Recording your own check. Click Mark as Paid (External). In the "Mark settlement as paid externally" dialog, set Payment Method to Check and enter your check number in Reference — for a check the field even labels itself Reference (check #). Click Mark as Paid: the settlement flips to Paid, no Check 21 is cut and no check fee is charged, and the vendor's report ends with a "PAID EXTERNALLY" stamp. Changed your mind? Undo — mark as unpaid sends it back to Payments Due. Full detail: Approve & Pay vs Paid Externally.
Either path, the vendor receives the same five pages of settlement context — Settlement Summary, Sales Detail, Margin Analysis, Waste & Credits, Remaining Inventory — before the final check or stamp page. Same record, same numbers, same transparency. The difference is who routes the dollars.
Step 7 — The settlement report the vendor receives
Both paths produce the same multi-page Settlement Report PDF that ships to the vendor (and to their vendor portal). It's worth knowing what's on it, because the vendor will read it and may have questions.
The sample report above is a real settlement render from a demo-sandbox account (Holistic Cannabis Co. and a vendor called Summit Pre-Roll). The dollar amounts and SKU IDs are sandbox data — your live reports will reflect your own POS sales, your own splits, and your own vendors. Here's what each page does:
- Cover page — Settlement ID (e.g.,
SR-464), retailer name, vendor name, settlement period, and a Settlement Summary block showing Net Sales, Gross Vendor Payout, Waste Credits, Margin True-Up, and Net Vendor Payout side by side. Also a Remaining Inventory snippet showing how much vendor-owned product is still on shelf. - Sales Detail — the line-by-line breakdown of every SKU that sold in the period, with package ID, quantity, sale price, split percentage, and per-line payout. This is the page that answers "why am I getting paid this amount?"
- Margin Analysis — the discount reconciliation.

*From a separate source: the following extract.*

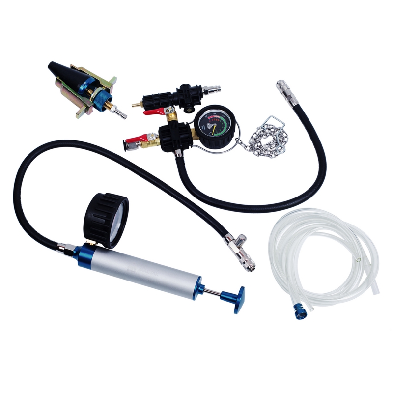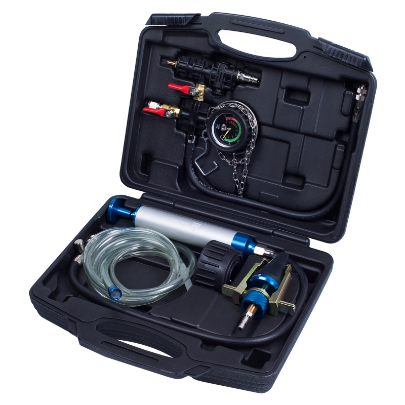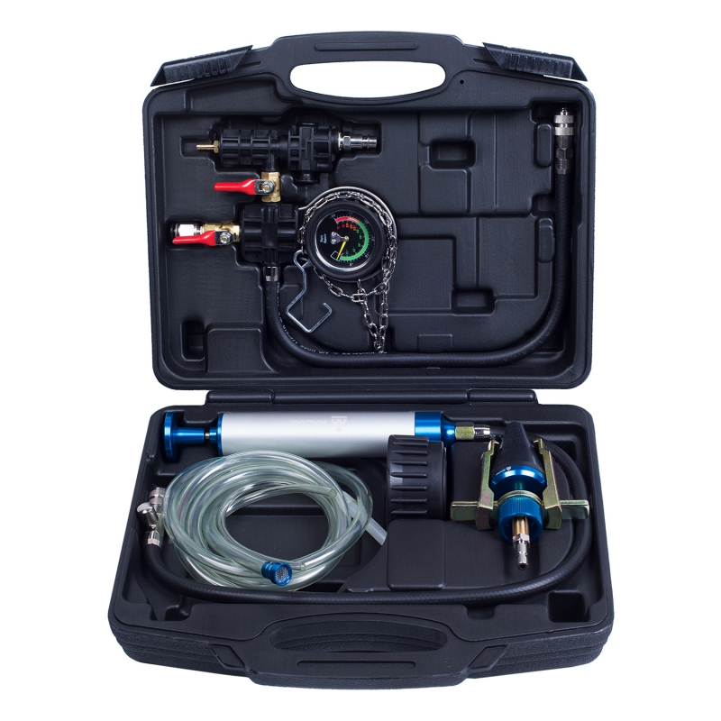 Набор торговой марки Мастак состоит из универсальной конической насадки, ручного насоса и вакуумного устройства с манометрами. Широко применяется в автосервисах для работы с системой охлаждения автомобилей азиатского и европейского производства. Данное приспособление позволяет не только определить место утечки хладагента, но и произвести его замену. Поставляется в удобном пластиковом кейсе.

Shows the Authorized Discount Budget (derived from your vendor's Operational Discount Budget setting), the Total Margin Shortfall (the actual discounts you ran at the register), and the Margin True-Up (the deduction from the vendor's share if you discounted past the budget, or $0 if you stayed within it).
- Waste & Credits — any product reported as waste in Metrc during the period, plus return credits, with a Total Waste Credit deducted from or added to the payout.

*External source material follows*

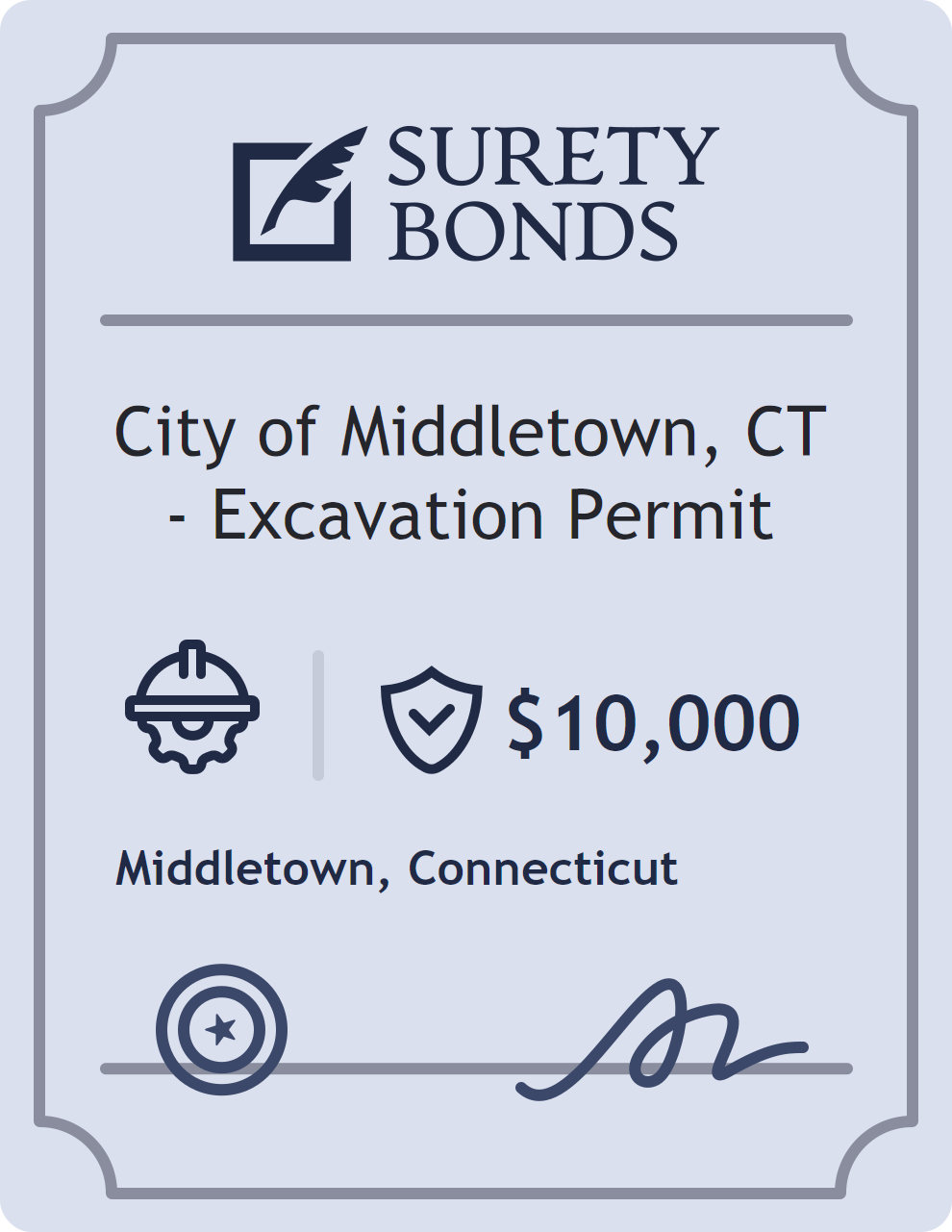 The City of Middletown, CT – Excavation Permit is classified as a Contractor Bonds with a $10,000.00 obligation in Connecticut. Contractor Bonds are surety bonds required for individuals or businesses performing construction work. They guarantee that contractors will comply with building codes, licensing requirements, and contractual obligations. The bond provides financial protection to property owners and the public in cases of poor workmanship, regulatory violations, or unfinished work. The surety reviews financial strength, compliance history, and indemnity support before approving the obligation. Maintaining uninterrupted coverage for the entire 1 Year term is essential; lapses can trigger penalties, contract defaults, or license suspension in Connecticut. Underwriters typically request financial statements, references, and proof of licensing before quoting terms so they can evaluate repayment capacity. Throughout the bond term, the principal must maintain accurate books, respond to regulator inquiries, and remediate any complaints to prevent a claim. Many authorities in Connecticut also require renewal certificates 30 to 60 days in advance, and failure to provide proof can halt permitting or bid submissions. The $10,000.00 limit demonstrates to customers, partners, and oversight agencies that the bonded party maintains a reliable, surety-backed source of funds dedicated to ongoing compliance. The obligee for this bond is Middletown.

- Remaining Inventory — SKU-by-SKU rundown of what's still on shelf at period end, with on-hand quantity, inventory value at wholesale, days on shelf, and days until the next aging tier kicks in.
- Check page (Approve & Pay only) — a Check 21 compliant digital check, ready to print, with recipient instructions for mobile-deposit, teller deposit, and authenticity verification via QR code at
shelfspace.pro/verify. If you marked the settlement paid externally instead, this page is replaced with a "PAID EXTERNALLY" stamp.

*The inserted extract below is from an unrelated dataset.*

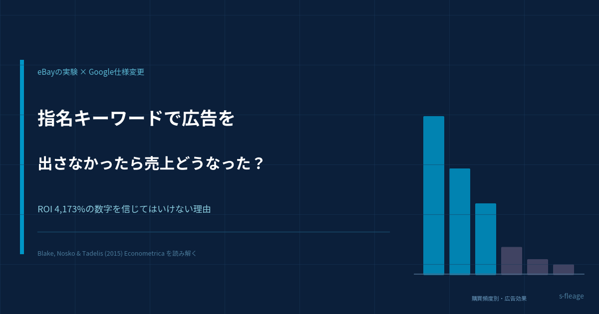 指名キーワード広告に限らず、広告効果の測定において「代理店が出してくるROIの数字」を鵜呑みにすることには注意が必要です。eBayほどの企業が、測定手法の誤りによって効果のない広告に巨額を投じ続けていた。その背景には、ROI 4,173%という数字を疑う仕組みが社内になかったという現実があります。

For a deeper walkthrough of each section page-by-page, including the calculations behind the Margin True-Up and the aging-tier logic, see Reading Your Settlement Report and the blog post Anatomy of a Consignment Settlement Report.
What runs on the platform vs. what you run
The split between ShelfSpace and your team on consignment is deliberate. The platform runs the settlement engine — the POS ingest, the Metrc reconciliation, the per-vendor per-category split math, the aging-tier markdowns, the payment generation, the QuickBooks sync, the vendor portal, the settlement PDFs. You run the relationship — the vendor outreach, the contract conversation, any pushback on a specific settlement line, and the decision between Approve & Pay and Mark as paid externally. Consignment is a relationship business; the engine just makes the relationship clean to operate.